Let's take a simple example of building a simple office LAN.
Having experience in teaching telecom to students, I can say that virtually any student by the middle of the second semester has the necessary knowledge (within the course that I taught) in order to set up a simple office LAN.
What's so difficult about connecting switches to each other, configuring VLANs, SVI interfaces (in the case of L3 switches) and setting up static routing?
Everything will work.
But at the same time, issues related to
security
reservation
network scaling
performance
throughput
reliability
...
From time to time I hear the statement that the office LAN is something very simple and I usually hear this from engineers (and managers) who do anything but networks, and they say it so confidently that do not be surprised if the LAN will be made by people with insufficient practice and knowledge and will be made with approximately the same mistakes that I will describe below.

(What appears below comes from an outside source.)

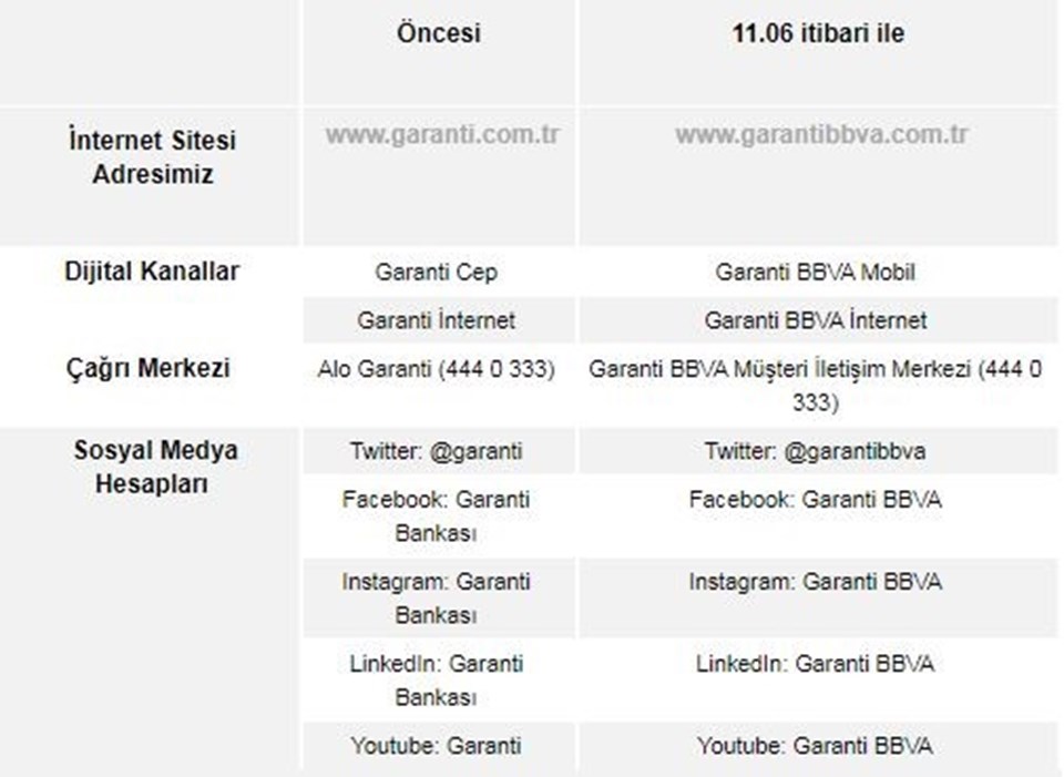 "9 yıldır bünyesinde bulunduğumuz BBVA Grubu’nun tüm dünyada uyguladığı dijital dönüşüm stratejisi kapsamında, BBVA’nın global marka gücünü Garanti marka ve logosunun yanına ekliyor ve 11 Haziran’dan itibaren Garanti BBVA ismini kullanmaya başlıyoruz. Garanti BBVA olarak her zaman olduğu gibi bundan sonra da, ülkemiz ekonomisine değer katmaya ve çağın fırsatlarını herkese sunmak için çalışmaya devam edeceğiz."

Typical L1 Layer Design Errors (OSI)
If, nevertheless, you are also responsible for the SCS, then one of the most unpleasant legacies that you can get is careless and not thought out switching.
I would also include errors related to the resources of the equipment used, for example,
insufficient bandwidth
insufficient TCAM on equipment (or inefficient use of it)
insufficient performance (often referred to as firewalls)
Typical L2 Layer Design Errors (OSI)
Often, when there is no good understanding of how STP works, what potential problems it brings with it, switches are connected randomly, with default settings, without additional STP tuning.
As a result, we often have the following
large STP network diameter, which can lead to broadcast storms
STP root will be determined randomly (based on mac address) and the traffic path will be suboptimal
ports connecting to hosts will not be configured as edge (portfast), which will cause STP to be recalculated when the end stations are turned on / off
the network will not be segmented at the L1 / L2 level, as a result of which problems with any switch (for example, power overload) will lead to the recalculation of the STP topology and stop traffic in all VLANs on all switches (including the one that is critical from the point of view of continuity service segment)
Examples of errors in L3 design (OSI)
A few typical mistakes of beginner networkers:
frequent use (or use only) of static routing
use of routing protocols that are not optimal for a given design
suboptimal logical network segmentation
suboptimal use of address space, which does not allow route aggregation
lack of backup routes
no redundancy for default gateway
asymmetric routing when rebuilding routes (may be critical in case of NAT/PAT, statefull firewalls)
problems with MTU
when rerouting, traffic goes through other security zones or even other firewalls, which leads to the fact that this traffic drops
poor topology scalability
Design Quality Evaluation Criteria
When we talk about optimality / non-optimality, we must understand in terms of what criteria we can evaluate it. Here, from my point of view, are the most significant (but not all) criteria (and decoding in relation to routing protocols):
scalability
For example, you decide to add another data center. How easy can you do it.
ease of management
How easy and secure are operational changes to be made, such as announcing a new mesh or filtering routes
availability
What percentage of the time does your system provide the required level of service?
security
How secure is the transmitted data?
price
Changes
The basic principle at this stage can be expressed by the formula "do no harm."
Therefore, even if you do not fully agree with the design, and the chosen implementation (configuration), it is not always advisable to make changes. A reasonable approach is to rank all identified problems according to two parameters:
how easily this problem can be fixed
how much risk does it bear
First of all, you need to eliminate things that currently reduce the level of service provided below the acceptable level, for example, problems that lead to packet losses. Then fix what is easiest and safest to fix in order of decreasing severity of risk (from design or configuration issues that pose a greater risk to a lesser one).
Perfectionism at this stage can be harmful. Bring the design to a satisfactory state and synchronize the network configuration according to it.